Recorded information —
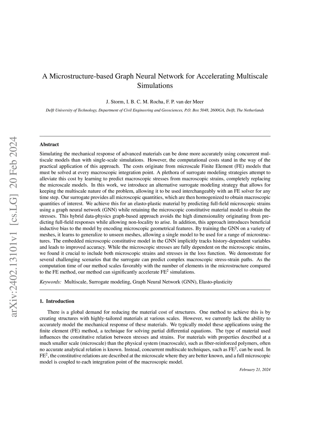 Simulating the mechanical response of advanced materials can be done more accurately using concurrent multiscale models than with single-scale simulations. However, the computational costs stand in the way of the practical application of this approach. The costs originate from microscale Finite Element (FE) models that must be solved at every macroscopic integration point. A plethora of surrogate modeling strategies attempt to alleviate this cost by learning to predict macroscopic stresses from macroscopic strains, completely replacing the microscale models. In this work, we introduce an alternative surrogate modeling strategy that allows for keeping the multiscale nature of the problem, allowing it to be used interchangeably with an FE solver for any time step. Our surrogate provides all microscopic quantities, which are then homogenized to obtain macroscopic quantities of interest. We achieve this for an elasto-plastic material by predicting full-field microscopic strains using a graph neural network (GNN) while retaining the microscopic constitutive material model to obtain the stresses. This hybrid data-physics graph-based approach avoids the high dimensionality originating from predicting full-field responses while allowing non-locality to arise. By training the GNN on a variety of meshes, it learns to generalize to unseen meshes, allowing a single model to be used for a range of microstructures. The embedded microscopic constitutive model in the GNN implicitly tracks history-dependent variables and leads to improved accuracy. We demonstrate for several challenging scenarios that the surrogate can predict complex macroscopic stress-strain paths. As the computation time of our method scales favorably with the number of elements in the microstructure compared to the FE method, our method can significantly accelerate FE2 simulations.
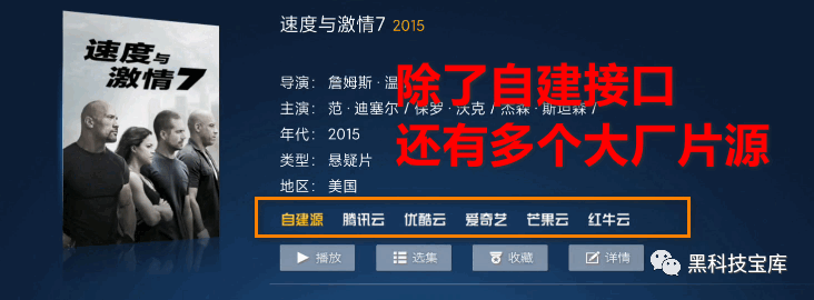 6、除了提供自建接口之外,开发者还内置了多个大厂片源,画质都是1080P的,开始播放后不卡顿;
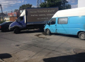 16 сентября на Театральном 60 произошла авария. Столкнулись три автомобиля: два грузовых и легковушка.
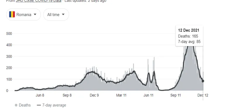 România – număr decese (media ultimei săptămâni): 85. Număr infecții noi (media ultimei săptămâni): 1.016. Raport infectări/decese: 12. Procent vaccinați complet: 38%.
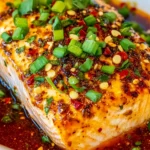 A flavorful and juicy salmon dish enhanced with spicy chili crisp and rich butter.
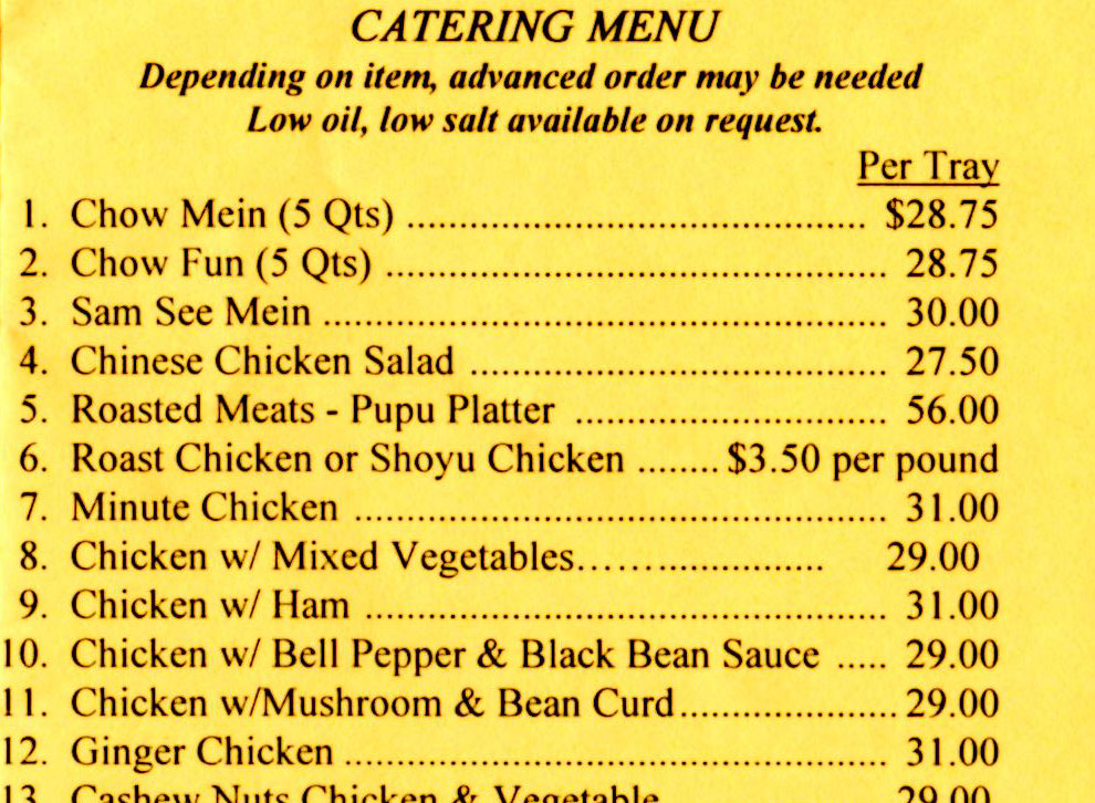 メニューの一部、写真に載せておきます。ケータリングもやっているようです。
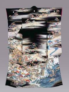 Furisode kimono by National Treasure of Japan as Yuzen dyeing artist, UENO Tameji (1901-1960) 黒縮緬地近江八景文様振袖 上野為二
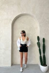Siyah Kendinden Kemerli Cepli Gabardin Yazlık Şort
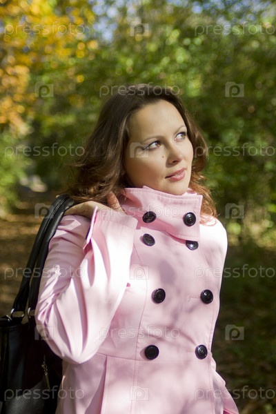 Девушка в розовом пальто в осеннем парке

About this task — Write back the stretch of lines above that begins with the line holding "6、除了提供自建接口之外,开" and ends with the line holding "România – număr", both included, exactly as written. Pictures stay out.

Result —
 6、除了提供自建接口之外,开发者还内置了多个大厂片源,画质都是1080P的,开始播放后不卡顿;
 16 сентября на Театральном 60 произошла авария. Столкнулись три автомобиля: два грузовых и легковушка.
 România – număr decese (media ultimei săptămâni): 85. Număr infecții noi (media ultimei săptămâni): 1.016. Raport infectări/decese: 12. Procent vaccinați complet: 38%.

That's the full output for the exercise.